Exercise goal - Each line of the listing below must be retyped exactly, with images left out.

Collected material -
:::::
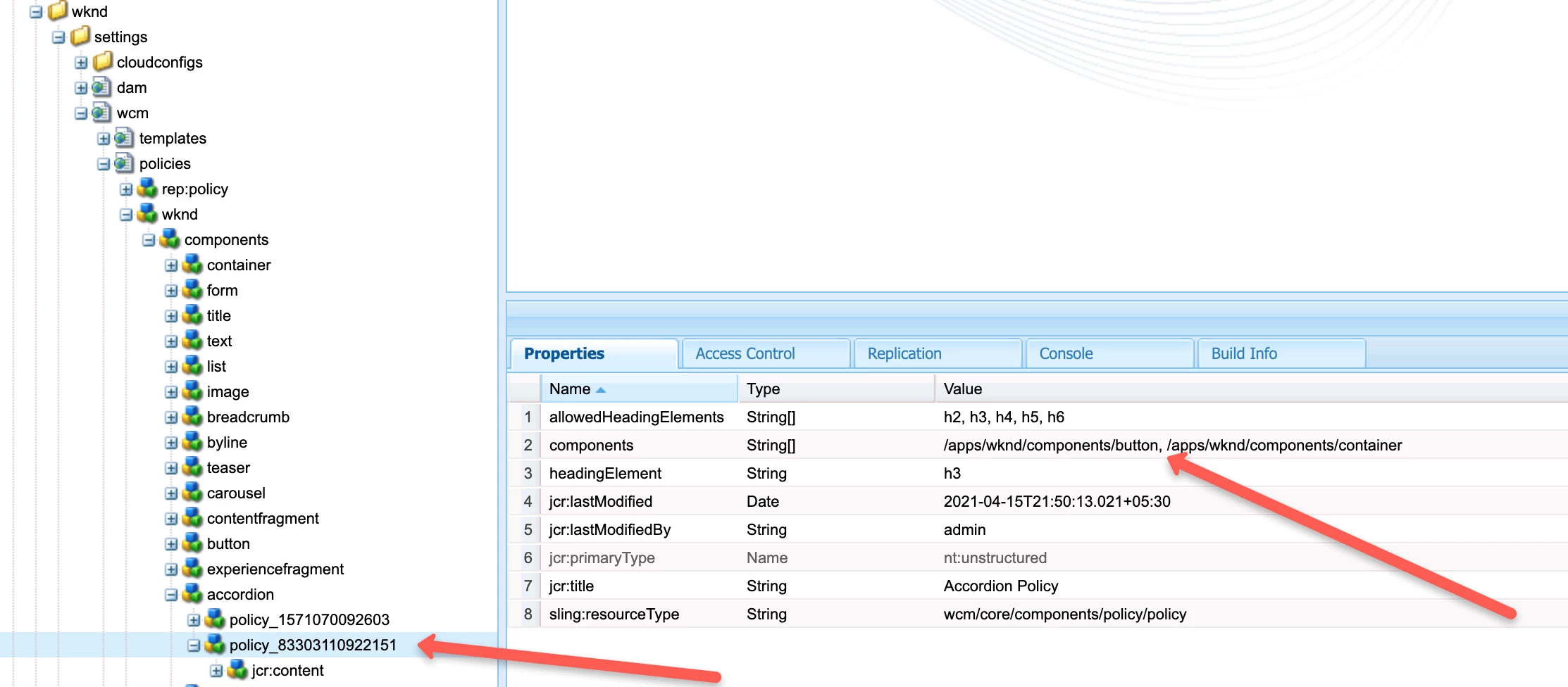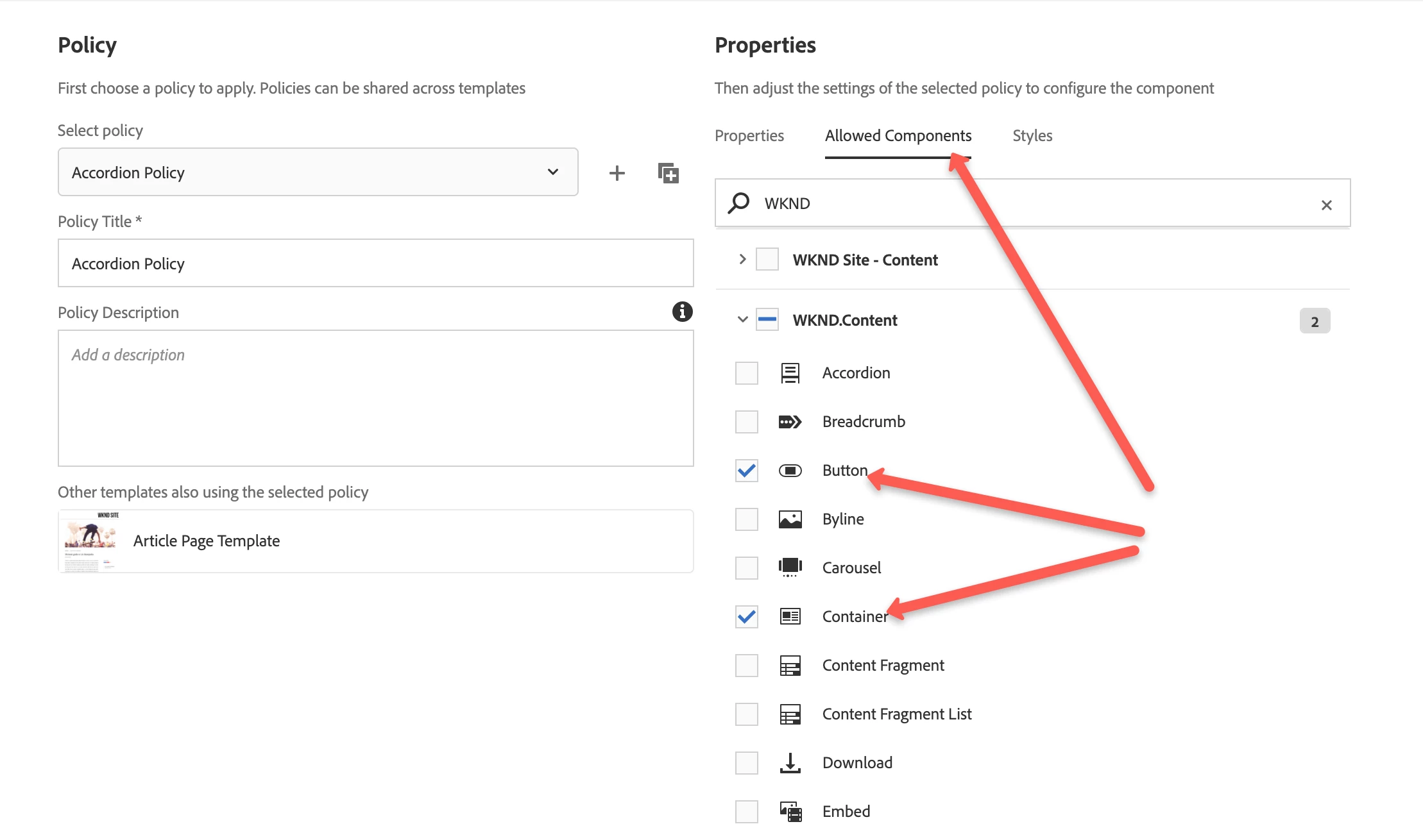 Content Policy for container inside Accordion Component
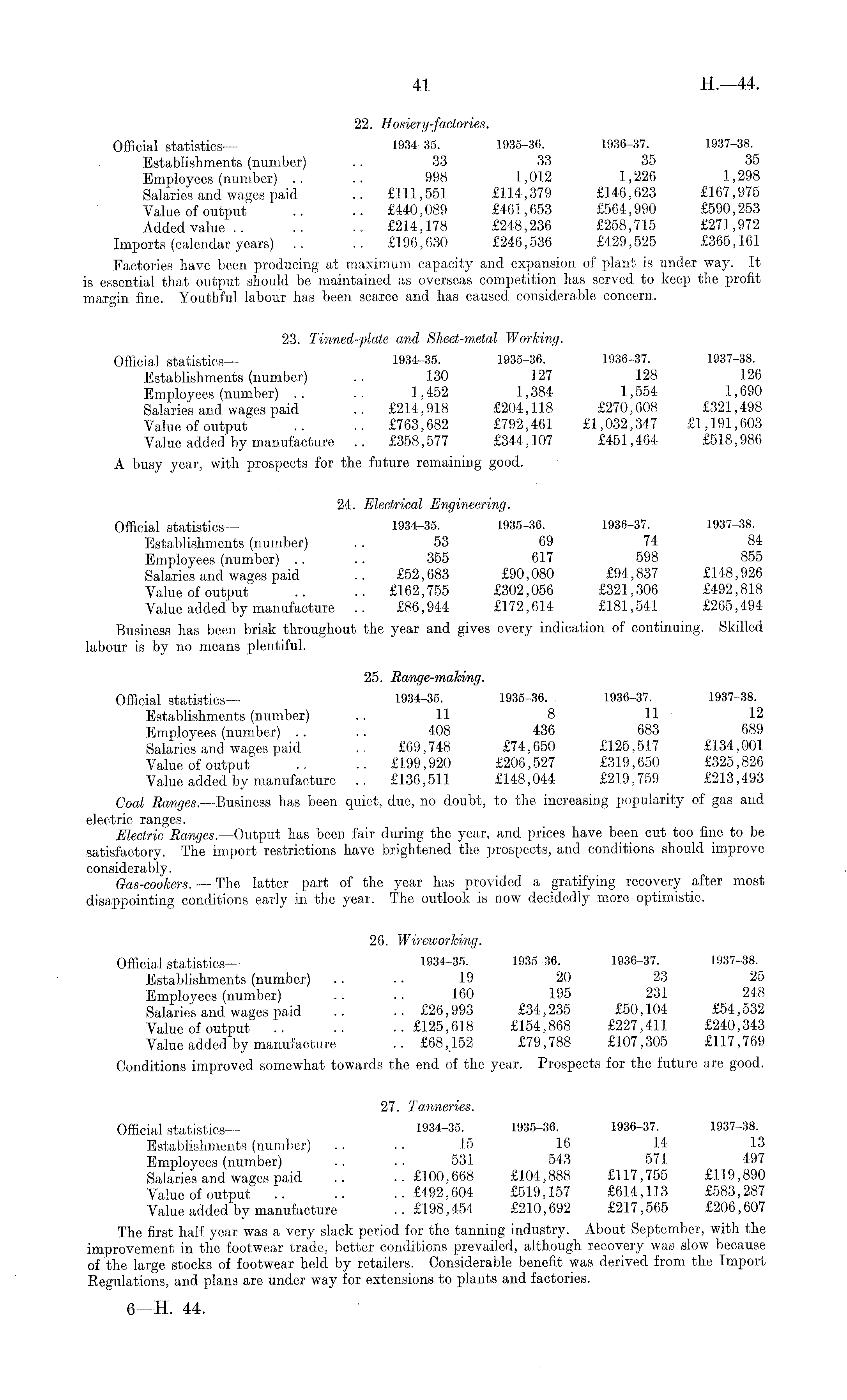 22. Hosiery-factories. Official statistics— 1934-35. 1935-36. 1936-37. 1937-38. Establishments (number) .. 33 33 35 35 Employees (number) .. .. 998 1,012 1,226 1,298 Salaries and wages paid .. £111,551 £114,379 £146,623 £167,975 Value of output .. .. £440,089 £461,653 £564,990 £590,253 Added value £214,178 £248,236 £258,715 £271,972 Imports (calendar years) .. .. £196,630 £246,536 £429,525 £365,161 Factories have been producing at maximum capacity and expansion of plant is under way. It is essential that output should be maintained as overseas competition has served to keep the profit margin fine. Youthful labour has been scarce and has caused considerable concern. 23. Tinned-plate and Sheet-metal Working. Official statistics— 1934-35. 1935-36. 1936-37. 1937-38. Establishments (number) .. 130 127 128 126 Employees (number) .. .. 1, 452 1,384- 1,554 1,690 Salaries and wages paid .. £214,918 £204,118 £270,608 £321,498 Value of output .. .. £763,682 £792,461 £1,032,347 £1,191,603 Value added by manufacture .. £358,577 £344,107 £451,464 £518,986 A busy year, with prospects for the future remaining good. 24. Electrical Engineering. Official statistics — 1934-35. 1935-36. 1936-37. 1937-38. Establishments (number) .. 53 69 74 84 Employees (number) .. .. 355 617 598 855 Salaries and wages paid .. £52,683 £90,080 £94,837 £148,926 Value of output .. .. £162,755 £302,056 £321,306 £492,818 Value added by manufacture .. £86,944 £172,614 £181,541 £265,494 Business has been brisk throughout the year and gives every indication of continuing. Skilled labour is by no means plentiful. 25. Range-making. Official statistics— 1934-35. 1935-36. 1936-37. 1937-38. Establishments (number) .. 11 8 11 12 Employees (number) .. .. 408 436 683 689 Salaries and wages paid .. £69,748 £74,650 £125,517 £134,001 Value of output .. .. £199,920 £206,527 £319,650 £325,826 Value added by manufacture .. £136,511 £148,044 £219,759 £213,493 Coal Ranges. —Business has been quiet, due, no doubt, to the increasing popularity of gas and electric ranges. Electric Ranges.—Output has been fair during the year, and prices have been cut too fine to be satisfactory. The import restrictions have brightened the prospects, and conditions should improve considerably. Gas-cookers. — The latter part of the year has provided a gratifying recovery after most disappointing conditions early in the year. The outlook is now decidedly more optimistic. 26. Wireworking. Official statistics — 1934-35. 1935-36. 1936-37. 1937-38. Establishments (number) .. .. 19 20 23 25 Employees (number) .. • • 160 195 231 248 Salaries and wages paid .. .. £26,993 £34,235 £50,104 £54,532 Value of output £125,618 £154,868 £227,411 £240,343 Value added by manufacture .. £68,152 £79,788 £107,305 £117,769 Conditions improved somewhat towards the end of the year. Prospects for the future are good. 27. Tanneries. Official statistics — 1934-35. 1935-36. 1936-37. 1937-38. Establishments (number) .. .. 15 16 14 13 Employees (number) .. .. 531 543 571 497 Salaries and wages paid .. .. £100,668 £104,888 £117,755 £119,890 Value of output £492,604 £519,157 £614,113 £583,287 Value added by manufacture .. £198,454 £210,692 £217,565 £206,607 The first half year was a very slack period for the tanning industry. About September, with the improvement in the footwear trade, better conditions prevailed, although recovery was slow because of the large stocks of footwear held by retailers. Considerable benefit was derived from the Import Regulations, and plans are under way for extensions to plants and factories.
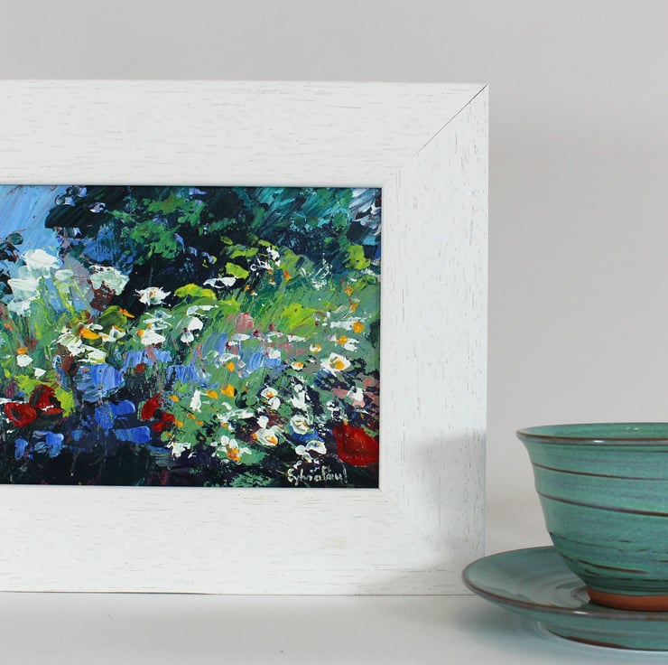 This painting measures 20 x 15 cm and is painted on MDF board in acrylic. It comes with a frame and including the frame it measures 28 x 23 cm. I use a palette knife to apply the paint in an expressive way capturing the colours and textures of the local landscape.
:::::
Response box -
 Content Policy for container inside Accordion Component
 22. Hosiery-factories. Official statistics— 1934-35. 1935-36. 1936-37. 1937-38. Establishments (number) .. 33 33 35 35 Employees (number) .. .. 998 1,012 1,226 1,298 Salaries and wages paid .. £111,551 £114,379 £146,623 £167,975 Value of output .. .. £440,089 £461,653 £564,990 £590,253 Added value £214,178 £248,236 £258,715 £271,972 Imports (calendar years) .. .. £196,630 £246,536 £429,525 £365,161 Factories have been producing at maximum capacity and expansion of plant is under way. It is essential that output should be maintained as overseas competition has served to keep the profit margin fine. Youthful labour has been scarce and has caused considerable concern. 23. Tinned-plate and Sheet-metal Working. Official statistics— 1934-35. 1935-36. 1936-37. 1937-38. Establishments (number) .. 130 127 128 126 Employees (number) .. .. 1, 452 1,384- 1,554 1,690 Salaries and wages paid .. £214,918 £204,118 £270,608 £321,498 Value of output .. .. £763,682 £792,461 £1,032,347 £1,191,603 Value added by manufacture .. £358,577 £344,107 £451,464 £518,986 A busy year, with prospects for the future remaining good. 24. Electrical Engineering. Official statistics — 1934-35. 1935-36. 1936-37. 1937-38. Establishments (number) .. 53 69 74 84 Employees (number) .. .. 355 617 598 855 Salaries and wages paid .. £52,683 £90,080 £94,837 £148,926 Value of output .. .. £162,755 £302,056 £321,306 £492,818 Value added by manufacture .. £86,944 £172,614 £181,541 £265,494 Business has been brisk throughout the year and gives every indication of continuing. Skilled labour is by no means plentiful. 25. Range-making. Official statistics— 1934-35. 1935-36. 1936-37. 1937-38. Establishments (number) .. 11 8 11 12 Employees (number) .. .. 408 436 683 689 Salaries and wages paid .. £69,748 £74,650 £125,517 £134,001 Value of output .. .. £199,920 £206,527 £319,650 £325,826 Value added by manufacture .. £136,511 £148,044 £219,759 £213,493 Coal Ranges. —Business has been quiet, due, no doubt, to the increasing popularity of gas and electric ranges. Electric Ranges.—Output has been fair during the year, and prices have been cut too fine to be satisfactory. The import restrictions have brightened the prospects, and conditions should improve considerably. Gas-cookers. — The latter part of the year has provided a gratifying recovery after most disappointing conditions early in the year. The outlook is now decidedly more optimistic. 26. Wireworking. Official statistics — 1934-35. 1935-36. 1936-37. 1937-38. Establishments (number) .. .. 19 20 23 25 Employees (number) .. • • 160 195 231 248 Salaries and wages paid .. .. £26,993 £34,235 £50,104 £54,532 Value of output £125,618 £154,868 £227,411 £240,343 Value added by manufacture .. £68,152 £79,788 £107,305 £117,769 Conditions improved somewhat towards the end of the year. Prospects for the future are good. 27. Tanneries. Official statistics — 1934-35. 1935-36. 1936-37. 1937-38. Establishments (number) .. .. 15 16 14 13 Employees (number) .. .. 531 543 571 497 Salaries and wages paid .. .. £100,668 £104,888 £117,755 £119,890 Value of output £492,604 £519,157 £614,113 £583,287 Value added by manufacture .. £198,454 £210,692 £217,565 £206,607 The first half year was a very slack period for the tanning industry. About September, with the improvement in the footwear trade, better conditions prevailed, although recovery was slow because of the large stocks of footwear held by retailers. Considerable benefit was derived from the Import Regulations, and plans are under way for extensions to plants and factories.
 This painting measures 20 x 15 cm and is painted on MDF board in acrylic. It comes with a frame and including the frame it measures 28 x 23 cm. I use a palette knife to apply the paint in an expressive way capturing the colours and textures of the local landscape.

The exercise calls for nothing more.